Given records Block Start

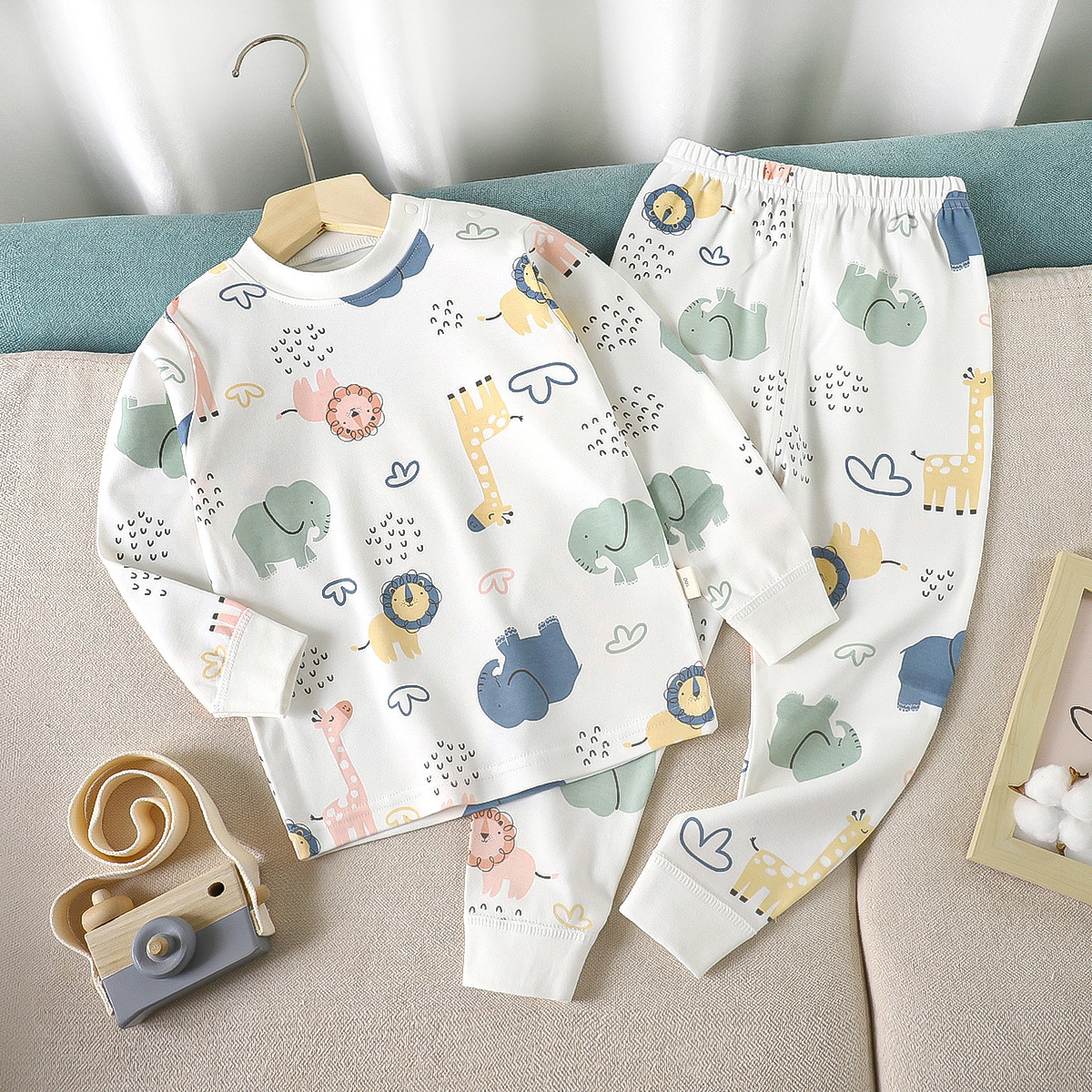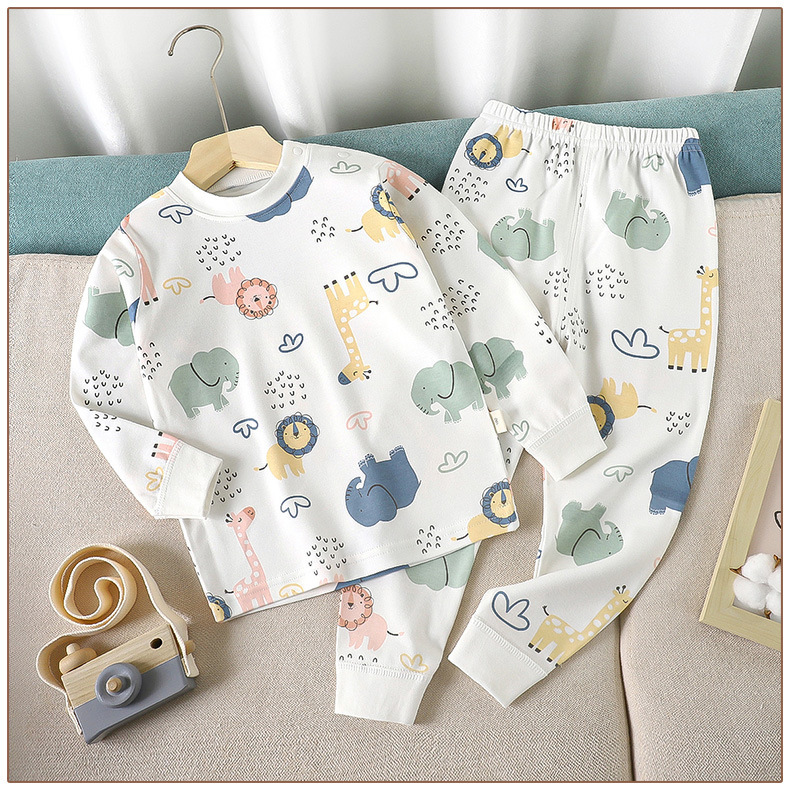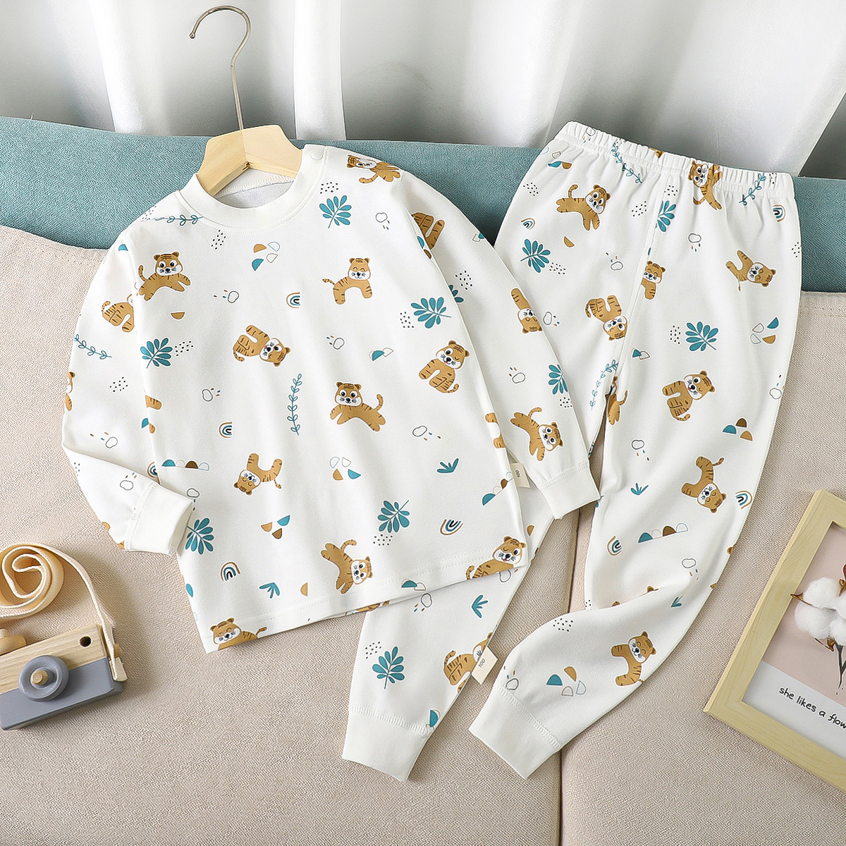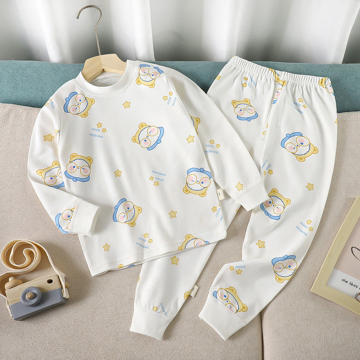 남아용 가을옷과 긴바지 세트, 순면 아동 속옷, 봄, 가을 여아용 하의 가정복, 따뜻하게 유지하는 면 잠옷
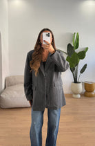 Giacca da donna con spalline imbottite, foderata internamente e vestibilita oversize e vestirà bene fino ad una M/L piena
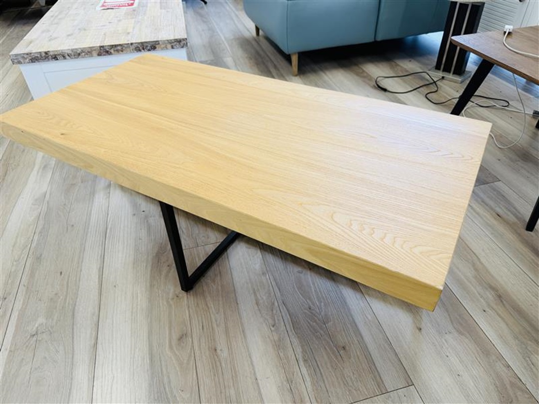This coffee table combines a warm natural timber top with strong black metal legs for a modern industrial look. Durable and stylish, it provides a practical surface for everyday use while acting as a striking centrepiece in your living area.
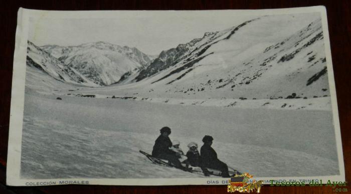 ANTIGUA POSTAL DE ARGENTINA, DIAS DE INVIERNO, VIAJANDO EN TRINEO, COLECCION MORALES, SIN CIRCULAR, REVERSO CON PUBLICIDAD DE HOTELES SUD AMERICANOS.
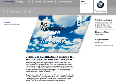 Bei BMW pflegt man den regelmäßigen Kontakt zur Kunst- und Designszene. Bei Art-Windschott steht der Designnachwuchs im Fokus: Kunst- und Designstudenten aller deutschen Hochschulen können an diesem Designwettbewerb teilnehmen, indem sie bis zum 31.08.2006 ihren Gestaltungsvorschlag für das Windschott des neuen BMW 3er Cabrios einreichen.
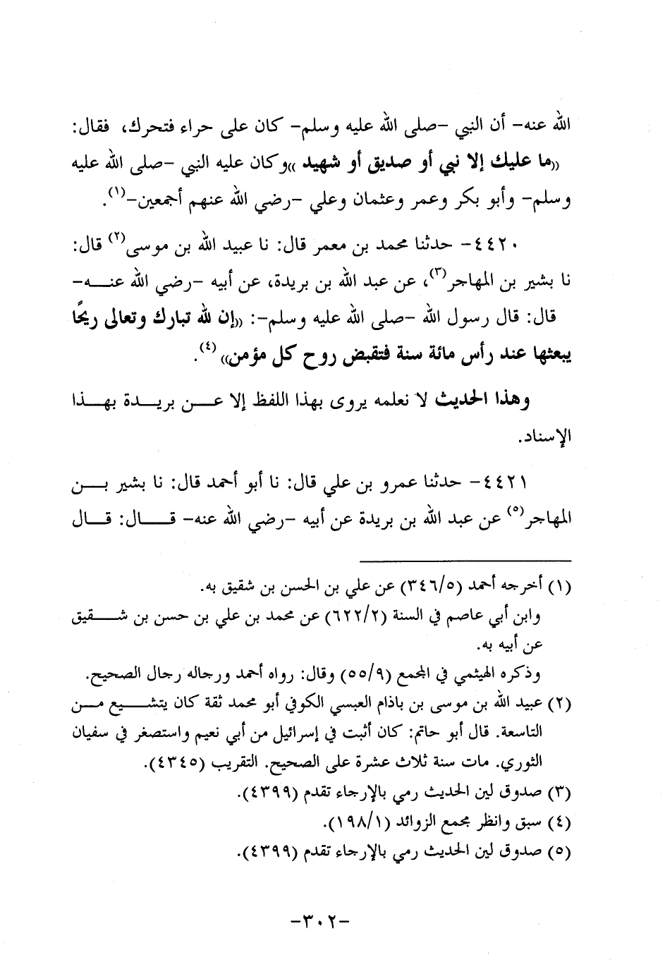 4420- حَدَّثنا مُحَمد بن مَعْمَر، قَال: حَدَّثنا عُبَيد الله بن موسى، قَال: حَدَّثنا بَشِيرُ بْنُ الْمُهَاجِرِ عَنْ عَبد اللَّهِ بْنِ بُرَيدة، عَن أَبيهِ، رَضِي اللَّهُ عَنْهُ، قَالَ: قَالَ رَسُول اللهِ صَلَّى اللَّهُ عَلَيه وَسَلَّم: إِنَّ لِلَّهِ تَبَارَكَ وَتَعَالَى رِيحًا يَبْعَثُهَا عِنْدَ رأس مِئَة سَنَةٍ فَتَقْبِضُ رُوحَ كُلِّ مُؤْمِنٍ.
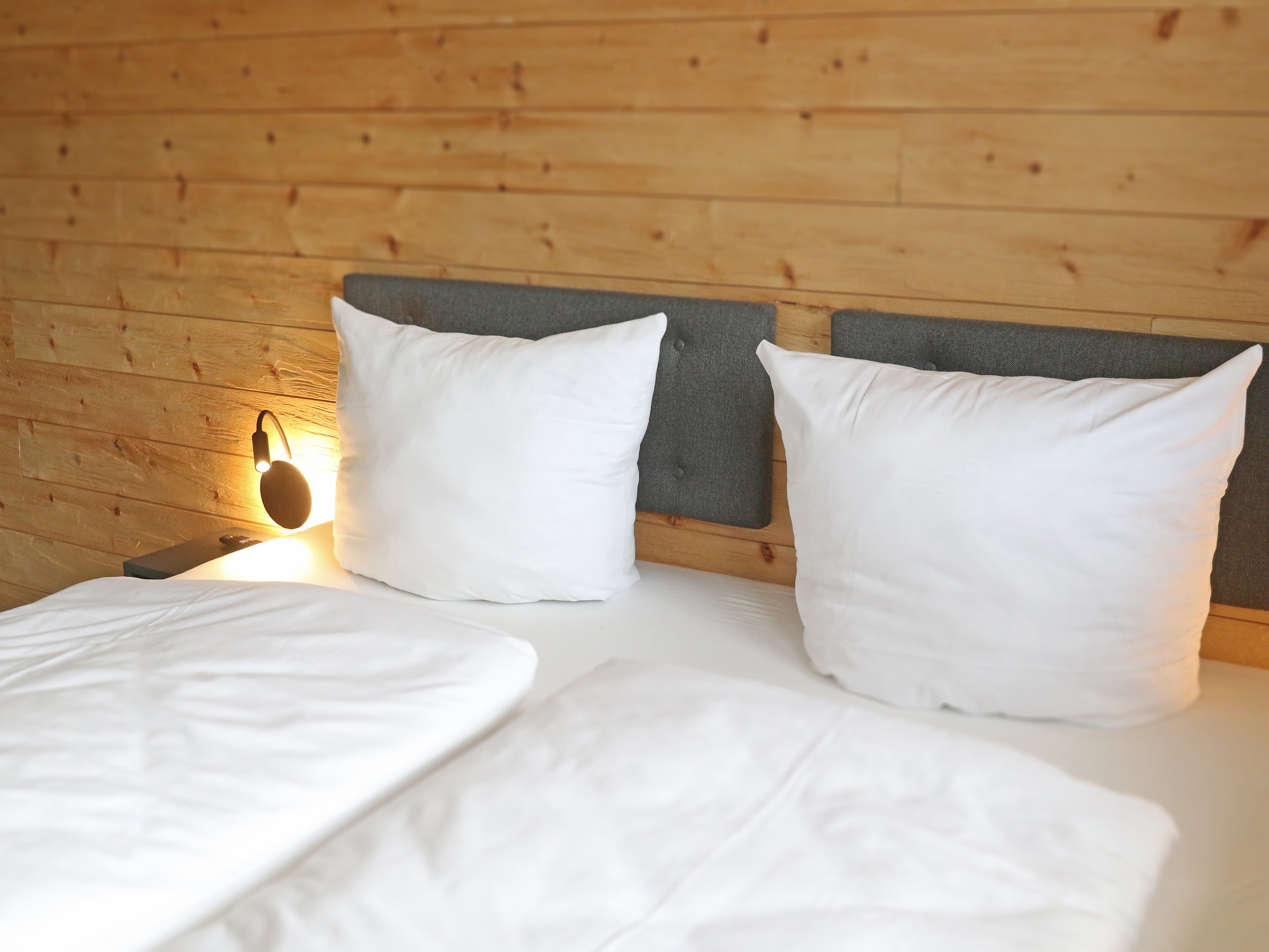 Im Schlafzimmer schlaft Ihr in tollen Boxspringbetten, Kingsize 1,80 x 2,00 m, mit extra Zirbenholz an der Rückwand. Unser Schrankbett 1,00 x 2,00 m mit vollwertiger Matratze erwartet Euch im Wohnzimmer.
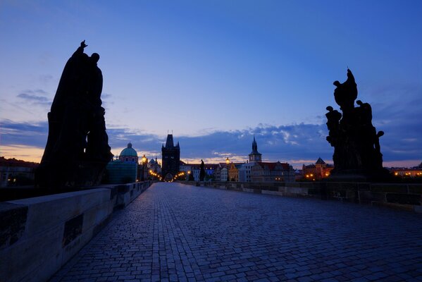 чехия прага столица город карлов мост вечер сумерки закат небо облака синева архитектура подсветка дома здания огни фонари1920 x 1283, 269 кБ

Given records Block End

■ Work request ■
Reproduce exactly the part of the records above that begins at the line holding "Giacca da donna" and ends at the final line, both included, leaving out the pictures.

■ Exercise solution ■
 Giacca da donna con spalline imbottite, foderata internamente e vestibilita oversize e vestirà bene fino ad una M/L piena
This coffee table combines a warm natural timber top with strong black metal legs for a modern industrial look. Durable and stylish, it provides a practical surface for everyday use while acting as a striking centrepiece in your living area.
 ANTIGUA POSTAL DE ARGENTINA, DIAS DE INVIERNO, VIAJANDO EN TRINEO, COLECCION MORALES, SIN CIRCULAR, REVERSO CON PUBLICIDAD DE HOTELES SUD AMERICANOS.
 Bei BMW pflegt man den regelmäßigen Kontakt zur Kunst- und Designszene. Bei Art-Windschott steht der Designnachwuchs im Fokus: Kunst- und Designstudenten aller deutschen Hochschulen können an diesem Designwettbewerb teilnehmen, indem sie bis zum 31.08.2006 ihren Gestaltungsvorschlag für das Windschott des neuen BMW 3er Cabrios einreichen.
 4420- حَدَّثنا مُحَمد بن مَعْمَر، قَال: حَدَّثنا عُبَيد الله بن موسى، قَال: حَدَّثنا بَشِيرُ بْنُ الْمُهَاجِرِ عَنْ عَبد اللَّهِ بْنِ بُرَيدة، عَن أَبيهِ، رَضِي اللَّهُ عَنْهُ، قَالَ: قَالَ رَسُول اللهِ صَلَّى اللَّهُ عَلَيه وَسَلَّم: إِنَّ لِلَّهِ تَبَارَكَ وَتَعَالَى رِيحًا يَبْعَثُهَا عِنْدَ رأس مِئَة سَنَةٍ فَتَقْبِضُ رُوحَ كُلِّ مُؤْمِنٍ.
 Im Schlafzimmer schlaft Ihr in tollen Boxspringbetten, Kingsize 1,80 x 2,00 m, mit extra Zirbenholz an der Rückwand. Unser Schrankbett 1,00 x 2,00 m mit vollwertiger Matratze erwartet Euch im Wohnzimmer.
 чехия прага столица город карлов мост вечер сумерки закат небо облака синева архитектура подсветка дома здания огни фонари1920 x 1283, 269 кБ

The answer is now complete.